Hacker News new | ask | show | jobs
by confluence_perf 1989 days ago
Thanks for the link! Yes this is the general guidance we're using too (0.1/1/10s), and one that we're reinforcing at every level of the company. This link does have more detail than I've seen in other places though, so it's an interesting read.

However I've not seen guidance on whether these should be P90 or P95 or P99 measures for example though. We've selected something internally, but obviously selecting amongst three 'measurement points' could drastically change general user's experience.

(HN is throttling my replies so apologies for delay)

1 comments

The percentiles are a bit of a combination.

A big part is simply how far you are in your journey of getting good at performance - if your p50 is still garbage, there's not much point in focussing on your p99 measurements. You should be targeting the p99 long term, but focus on the p50/p90 for now.

It's super important to target and make long term decisions around the p99 though, because, e.g., making a 100x improvement is not possible through little iterative changes over 2-3 years.

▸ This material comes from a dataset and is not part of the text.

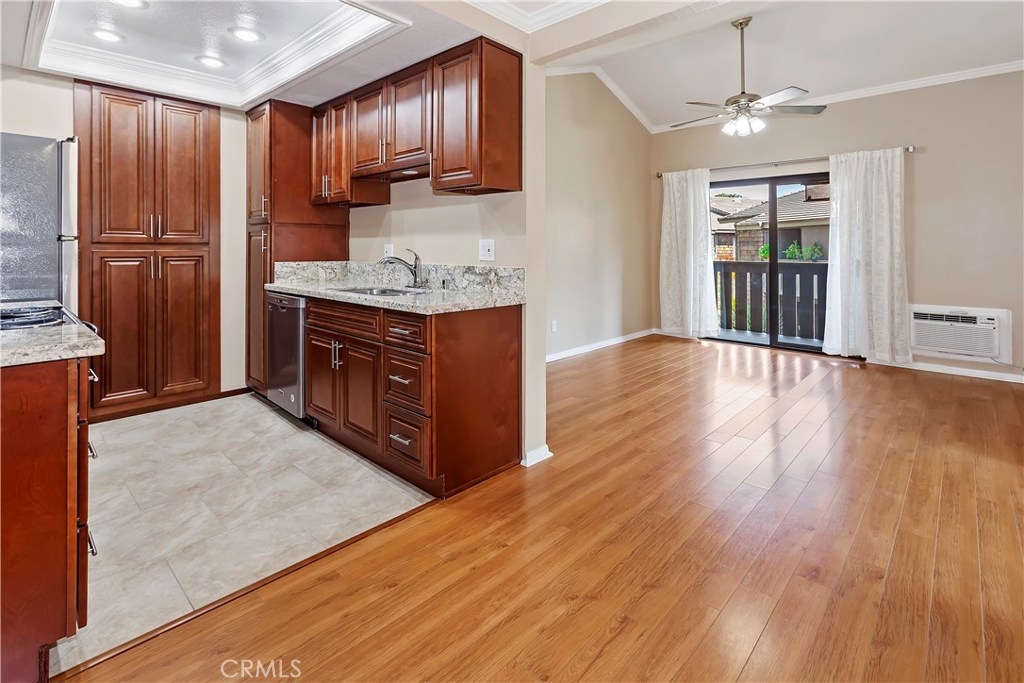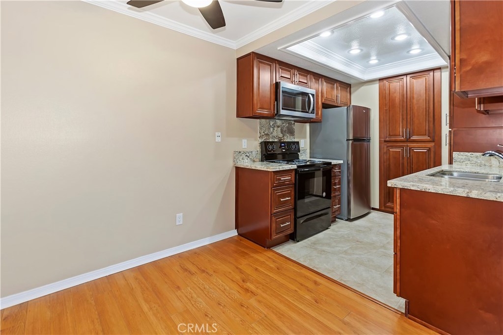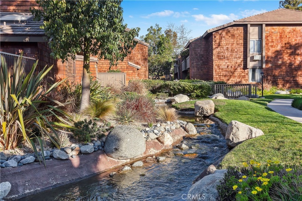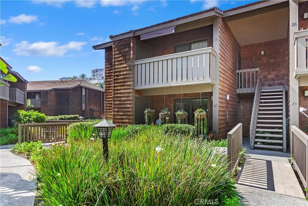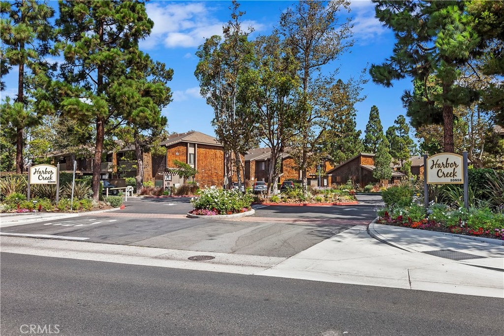 Well located and desirable controlled access Harbor Creek community within a convenient distance to the sand at Doheny State Beach/Park and Dana Point Harbor. Well maintained community and pristine landscaping. Quiet end unit with the sounds of running streams and soothing ponds encompass this very private upper unit with high ceilings. Gentle ocean breezes and views of the streams from the outside deck. You can fall asleep from the sounds of the streams outside your bedroom window. All new rich warm cabinets in the bathroom and kitchen. Both feature granite counters and all new fixtures & lighting. New LCD recessed lighting in kitchen, new electric range, microwave, garbage disposal, newer dishwasher and includes new refrigerator. There are 3 ceiling fans, a walk in closet and new air conditioning unit. Outside on the deck find the laundry closet that fits a full size capacity washer & dryer. Your carport is located a convenient distance at the rear of development, Space #223. Just behind Harbor Creek is a gate off of the parking area to Sycamore Creek Park and trail. There is a children's play area and terrific trails that will take you to the beach in a few minutes. The HOA covers the water (including hot), trash, sewer & gas. Located off the gated pool & spa is a community laundry & sauna.

You need a base to work from where that 100x is fundamentally achievable, which requires thinking from first principles and slightly getting out of the typical product mindset.

I also find the typical product mindset tends to result in focussing a lot on the "this quarter/next quarter" goals, but neglecting the "8/12 quarters from now" as a result.

Beyond short term/long term goals, the choice is largely just down to what the product is/does. Even ignoring all current architectural choices, there are some fundamentals where certain things must always be faster/slower - e.g. sync writes will typically be a fair bit slower than reads, and typically occur much less often, complex dynamic queries which can't be pre-optimised require DB scanning but are much less common.

For these kinds of tools, where most of the interaction is reads, mostly on predefined or predefined + small extra filtering, and reading/writing on individual resources (ie tickets), you can get p99 numbers trending towards the 100ms mark eventually - there's very little which truly can't get to that level with clever enough engineering.

---

Of course I imagine Google tends to be looking more at their p99.9/p99.99/pmax/etc(!), at least for their absolute highest volume systems.

None of us are going to be getting to that point, but it's often worth thinking about engineering principles against a super high bar - it often helps people to open their minds a bit more and think more outside the box when given a really dramatic goal magnitudes beyond their existing mindset.

Of course you're not expecting to really get to that level, but anchoring that way can achieve amazing things. I've done that with a lot of success at my company and we actually did manage to achieve a few originally thought to be totally unrealistic.